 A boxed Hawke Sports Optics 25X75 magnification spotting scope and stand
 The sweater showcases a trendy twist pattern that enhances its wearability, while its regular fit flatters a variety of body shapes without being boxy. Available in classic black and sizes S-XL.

...

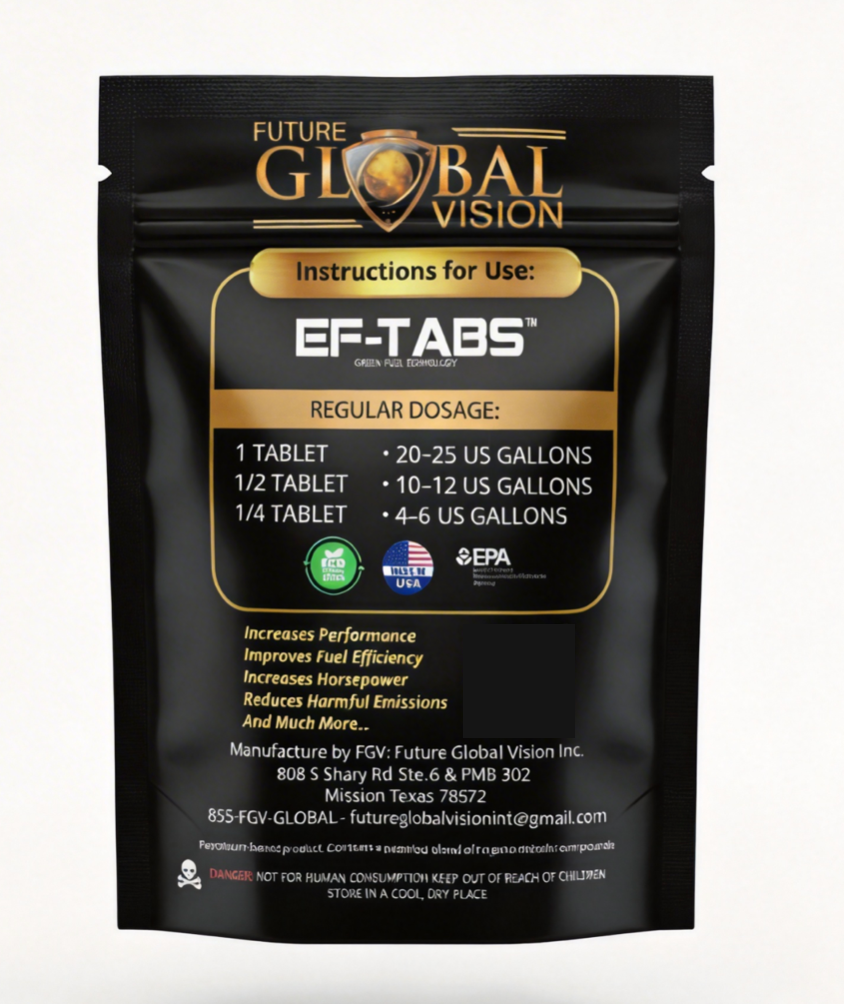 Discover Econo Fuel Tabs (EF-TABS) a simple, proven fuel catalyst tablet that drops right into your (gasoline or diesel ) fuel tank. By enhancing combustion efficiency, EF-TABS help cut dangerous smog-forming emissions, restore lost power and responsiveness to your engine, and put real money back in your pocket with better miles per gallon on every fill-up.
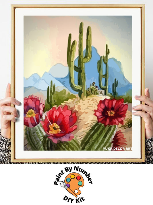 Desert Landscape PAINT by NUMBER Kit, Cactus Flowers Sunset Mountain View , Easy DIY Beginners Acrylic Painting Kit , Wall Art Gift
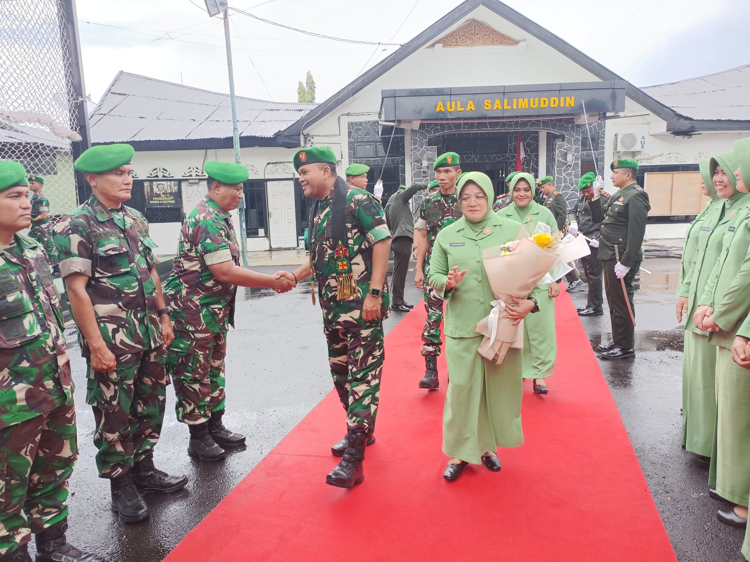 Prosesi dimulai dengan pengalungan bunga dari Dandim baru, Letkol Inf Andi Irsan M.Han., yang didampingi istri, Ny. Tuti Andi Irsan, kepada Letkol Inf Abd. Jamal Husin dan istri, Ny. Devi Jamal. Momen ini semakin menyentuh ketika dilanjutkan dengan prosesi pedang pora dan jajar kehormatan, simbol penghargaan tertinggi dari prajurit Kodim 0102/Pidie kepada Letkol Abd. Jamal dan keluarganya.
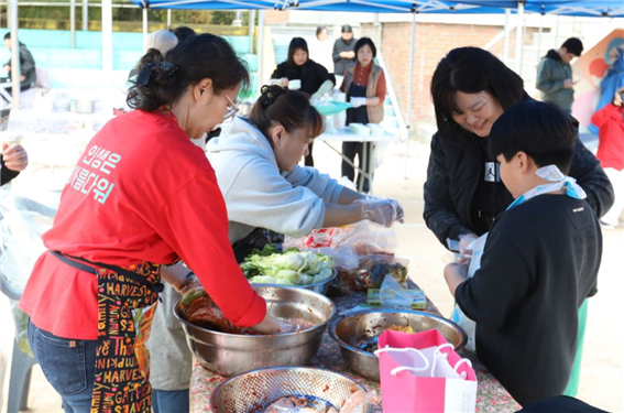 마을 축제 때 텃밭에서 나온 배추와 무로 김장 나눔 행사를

Instructions to follow ▸ What is wanted is an exact copy of the lines above from the one containing "Discover Econo Fuel" through the one containing "Desert Landscape PAINT", with no pictures in it.

Output of the exercise ▸
 Discover Econo Fuel Tabs (EF-TABS) a simple, proven fuel catalyst tablet that drops right into your (gasoline or diesel ) fuel tank. By enhancing combustion efficiency, EF-TABS help cut dangerous smog-forming emissions, restore lost power and responsiveness to your engine, and put real money back in your pocket with better miles per gallon on every fill-up.
 Desert Landscape PAINT by NUMBER Kit, Cactus Flowers Sunset Mountain View , Easy DIY Beginners Acrylic Painting Kit , Wall Art Gift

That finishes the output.